Dictionary entry details
Sense 1
Meaning:
The quality (as of scenery) being grim and gloomy and forbidding
Classified under:
Nouns denoting attributes of people and objects
Context example:
the sternness of his surroundings made him uncomfortable
Hypernyms ("sternness" is a kind of...):
asperity; grimness; hardship; rigor; rigorousness; rigour; rigourousness; severeness; severity (something hard to endure)
Derivation:
stern (severely simple)
Sense 2
Meaning:
Uncompromising resolution
Classified under:
Nouns denoting attributes of people and objects
Synonyms:
sternness; strictness
Hypernyms ("sternness" is a kind of...):
restrictiveness; unpermissiveness (a lack of permissiveness or indulgence and a tendency to confine behavior within certain specified limits)
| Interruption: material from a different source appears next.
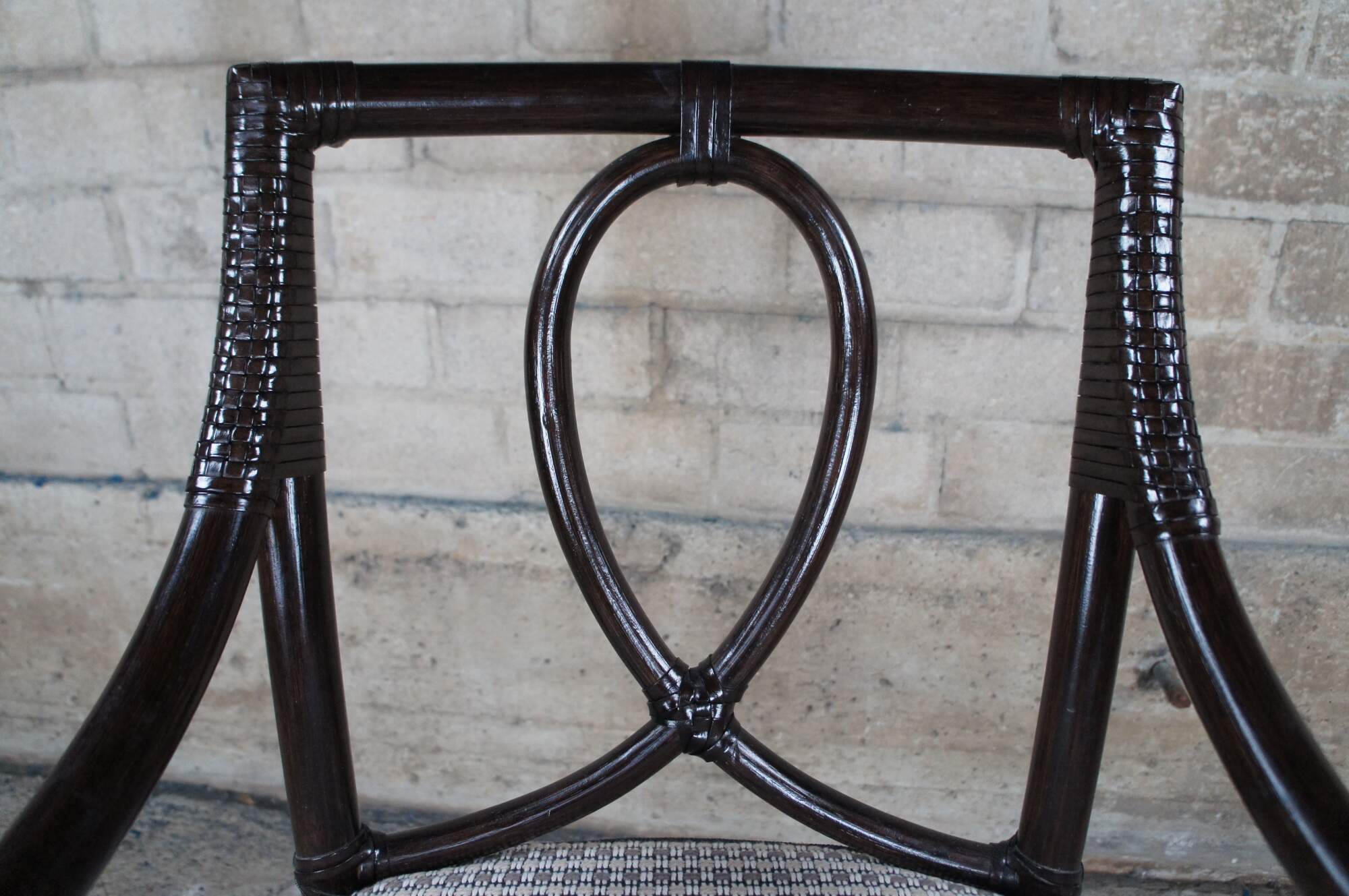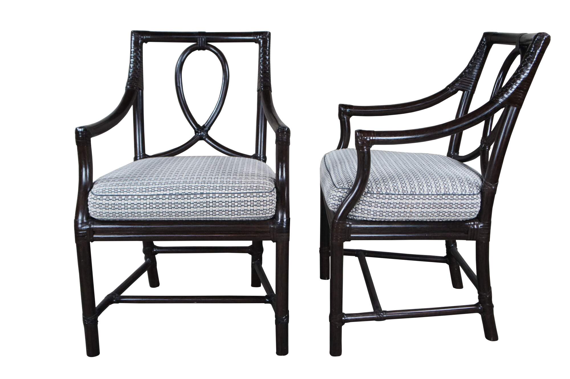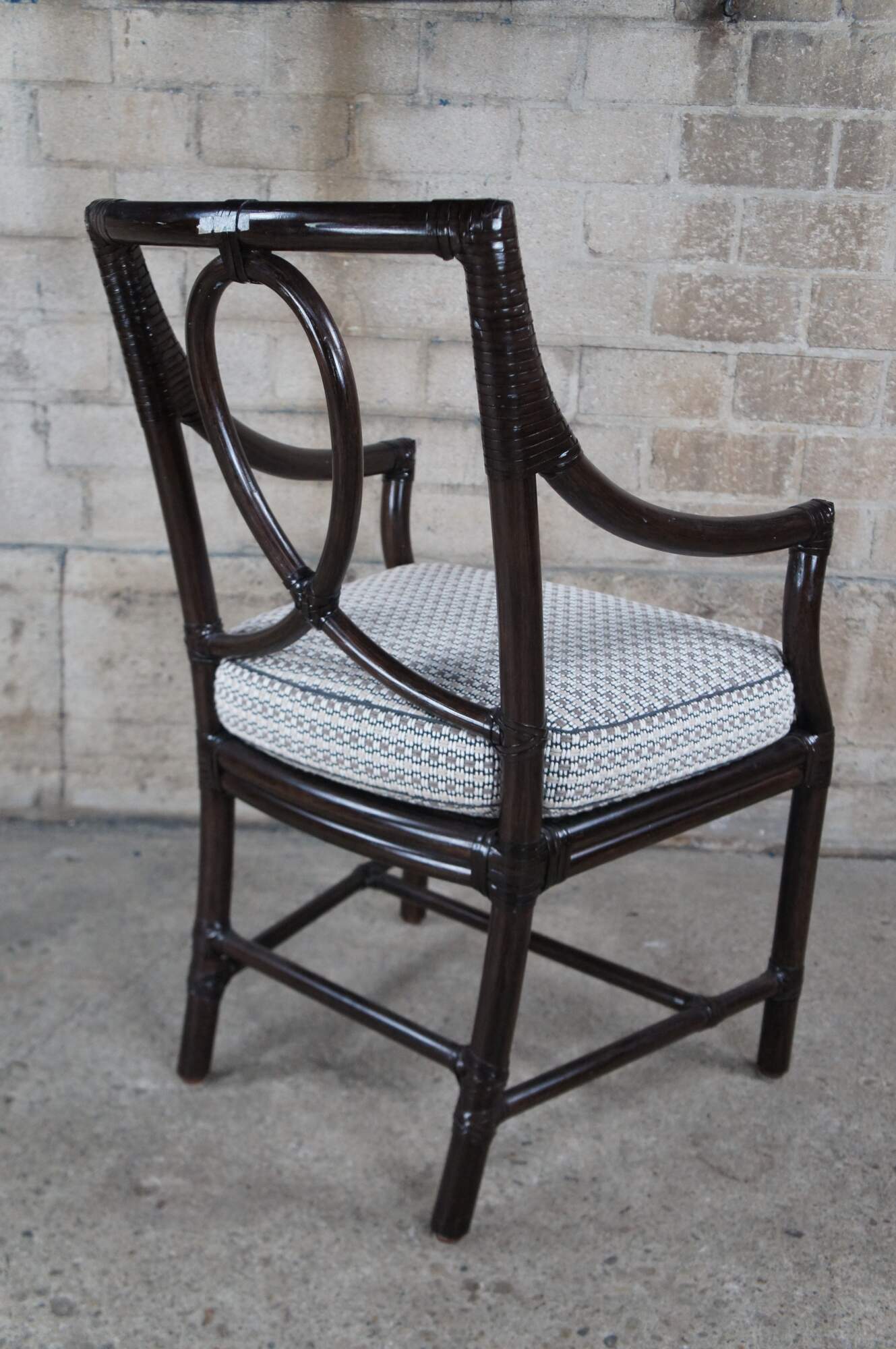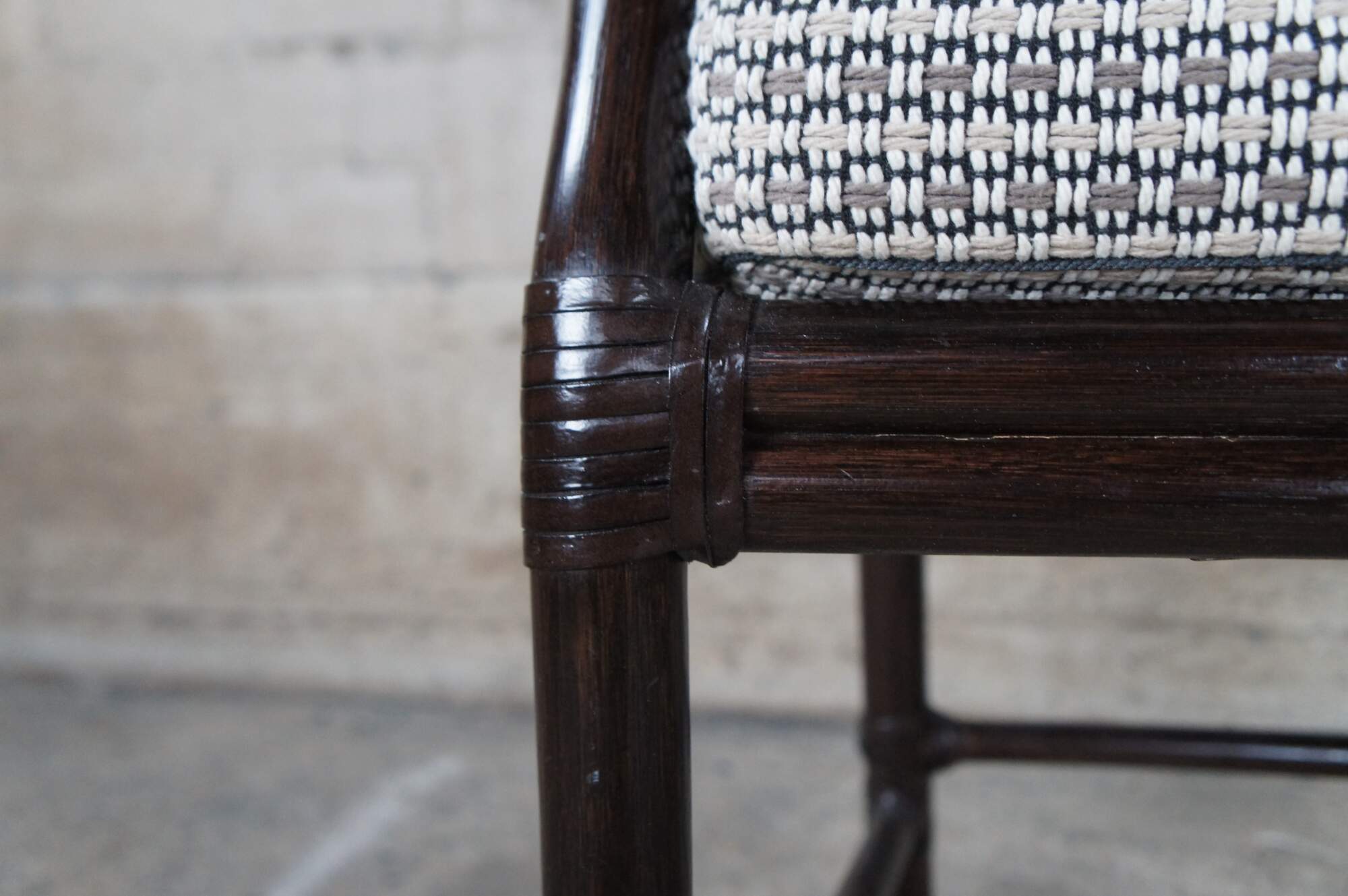 Vintage McGuire organic modern breakfast / dining / card / game arm chairs. Made of tubular bamboo and rattan construction featuring a sinuous looped back splat and sloped arms with dark finish.

Hyponyms (each of the following is a kind of "sternness"):
Puritanism (strictness and austerity in conduct and religion)
hardness; harshness; inclemency; rigor; rigorousness; rigour; rigourousness; severeness; severity; stiffness (excessive sternness)
Context examples
I like this day; I like that sky of steel; I like the sternness and stillness of the world under this frost.
(Jane Eyre, by Charlotte Brontë)
Van Helsing's sternness was somewhat relieved by a look of perplexity.
(Dracula, by Bram Stoker)
Her manner was incurably gentle; and she was not aware how much it concealed the sternness of her purpose.
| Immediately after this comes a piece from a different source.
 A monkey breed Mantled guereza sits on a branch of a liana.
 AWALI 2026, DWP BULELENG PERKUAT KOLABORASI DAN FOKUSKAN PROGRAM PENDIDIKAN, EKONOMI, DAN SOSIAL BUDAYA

(Mansfield Park, by Jane Austen)
She was impelled to look at her husband, and she saw the sternness with which he watched her.
(Love of Life and Other Stories, by Jack London)
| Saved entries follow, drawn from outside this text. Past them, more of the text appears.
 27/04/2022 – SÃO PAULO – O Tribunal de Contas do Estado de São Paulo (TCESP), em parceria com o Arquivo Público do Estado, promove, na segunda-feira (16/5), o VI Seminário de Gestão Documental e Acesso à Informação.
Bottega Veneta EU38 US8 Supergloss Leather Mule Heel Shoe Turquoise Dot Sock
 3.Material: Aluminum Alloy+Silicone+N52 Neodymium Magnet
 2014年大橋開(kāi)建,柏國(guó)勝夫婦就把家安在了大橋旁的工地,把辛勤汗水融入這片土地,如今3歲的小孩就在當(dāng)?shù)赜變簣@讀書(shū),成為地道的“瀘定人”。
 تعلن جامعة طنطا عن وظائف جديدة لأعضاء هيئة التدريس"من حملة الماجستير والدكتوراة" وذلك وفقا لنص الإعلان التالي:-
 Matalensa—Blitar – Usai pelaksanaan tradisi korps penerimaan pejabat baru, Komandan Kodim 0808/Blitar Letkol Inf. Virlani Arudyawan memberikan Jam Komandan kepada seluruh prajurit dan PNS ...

Mr. Spenlow seemed quite cowed by the gentlemanly sternness of Miss Murdstone's manner, and deprecated her severity with a conciliatory little wave of his hand.
(David Copperfield, by Charles Dickens)
I am bound to say, sir, said Lord John, with some sternness of voice, that your turning up is a considerable relief to us, for our mission seemed to have come to a premature end.
(The Lost World, by Sir Arthur Conan Doyle)
Sir Thomas came towards the table where she sat in trembling wretchedness, and with a good deal of cold sternness, said, It is of no use, I perceive, to talk to you.
(Mansfield Park, by Jane Austen)
He may be stern; he may be exacting; he may be ambitious yet; but his is the sternness of the warrior Greatheart, who guards his pilgrim convoy from the onslaught of Apollyon.
(Jane Eyre, by Charlotte Brontë)
To my surprise, Van Helsing rose up and said with all his sternness, his iron jaw set and his bushy eyebrows meeting:—"No trifling with me! I never jest! There is grim purpose in all I do; and I warn you that you do not thwart me. Take care, for the sake of others if not for your own."
(Dracula, by Bram Stoker)
Of Miss Lavinia, who acts as a semi-auxiliary bridesmaid, being the first to cry, and of her doing homage (as I take it) to the memory of Pidger, in sobs; of Miss Clarissa applying a smelling-bottle; of Agnes taking care of Dora; of my aunt endeavouring to represent herself as a model of sternness, with tears rolling down her face; of little Dora trembling very much, and making her responses in faint whispers.